§ REQUIREMENT: Drop the pictures; give again exactly the lines from the one holding "思考过后我觉得,桥墩再取局部" through the end of the data.
Start of Block
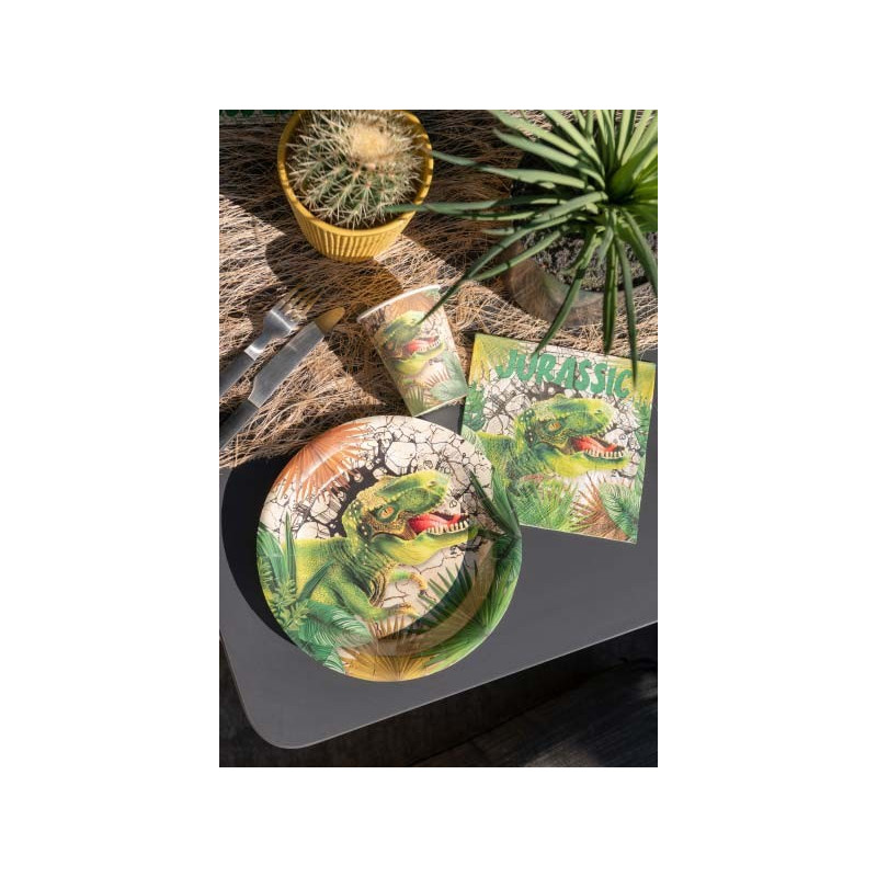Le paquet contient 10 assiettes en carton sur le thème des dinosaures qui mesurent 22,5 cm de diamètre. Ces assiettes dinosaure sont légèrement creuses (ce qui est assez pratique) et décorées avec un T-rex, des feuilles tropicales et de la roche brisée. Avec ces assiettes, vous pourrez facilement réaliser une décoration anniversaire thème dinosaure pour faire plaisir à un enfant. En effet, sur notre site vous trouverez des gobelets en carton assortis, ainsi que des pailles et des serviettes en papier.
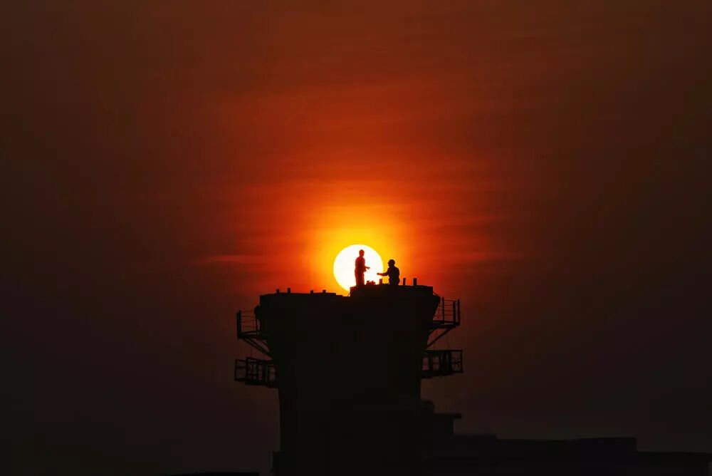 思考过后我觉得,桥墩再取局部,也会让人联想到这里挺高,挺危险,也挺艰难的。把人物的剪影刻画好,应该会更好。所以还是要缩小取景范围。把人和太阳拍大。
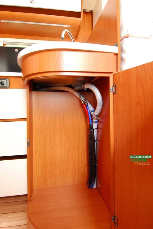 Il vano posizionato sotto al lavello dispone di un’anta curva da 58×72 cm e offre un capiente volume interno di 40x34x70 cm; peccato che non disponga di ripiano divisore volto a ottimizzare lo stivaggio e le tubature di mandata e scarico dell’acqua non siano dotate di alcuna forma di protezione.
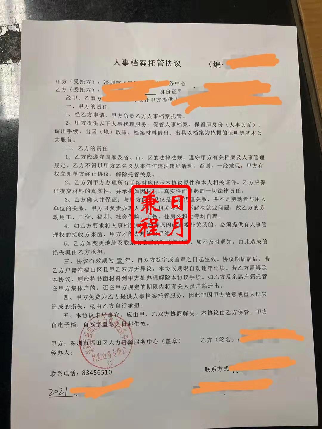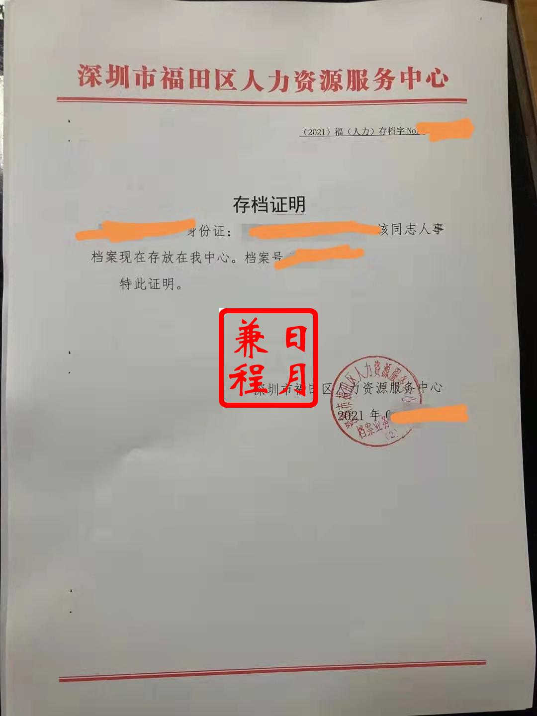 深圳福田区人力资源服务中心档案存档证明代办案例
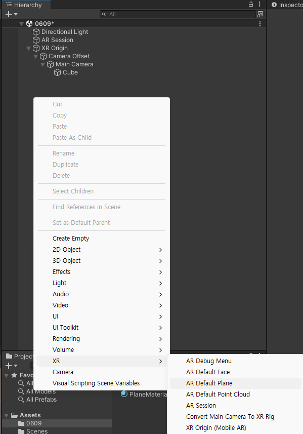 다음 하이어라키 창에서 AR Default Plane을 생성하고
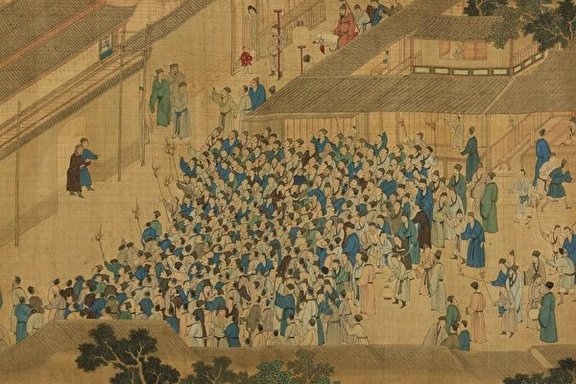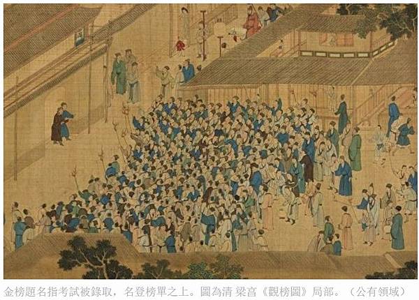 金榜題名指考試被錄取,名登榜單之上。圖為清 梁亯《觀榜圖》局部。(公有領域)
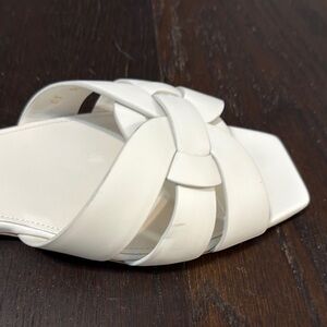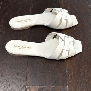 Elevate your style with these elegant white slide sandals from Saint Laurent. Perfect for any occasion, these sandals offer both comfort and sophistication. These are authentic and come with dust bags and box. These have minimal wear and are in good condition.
End of Block
§ COMPLETED TASK:
 思考过后我觉得,桥墩再取局部,也会让人联想到这里挺高,挺危险,也挺艰难的。把人物的剪影刻画好,应该会更好。所以还是要缩小取景范围。把人和太阳拍大。
 Il vano posizionato sotto al lavello dispone di un’anta curva da 58×72 cm e offre un capiente volume interno di 40x34x70 cm; peccato che non disponga di ripiano divisore volto a ottimizzare lo stivaggio e le tubature di mandata e scarico dell’acqua non siano dotate di alcuna forma di protezione.
 深圳福田区人力资源服务中心档案存档证明代办案例
 다음 하이어라키 창에서 AR Default Plane을 생성하고
 金榜題名指考試被錄取,名登榜單之上。圖為清 梁亯《觀榜圖》局部。(公有領域)
 Elevate your style with these elegant white slide sandals from Saint Laurent. Perfect for any occasion, these sandals offer both comfort and sophistication. These are authentic and come with dust bags and box. These have minimal wear and are in good condition.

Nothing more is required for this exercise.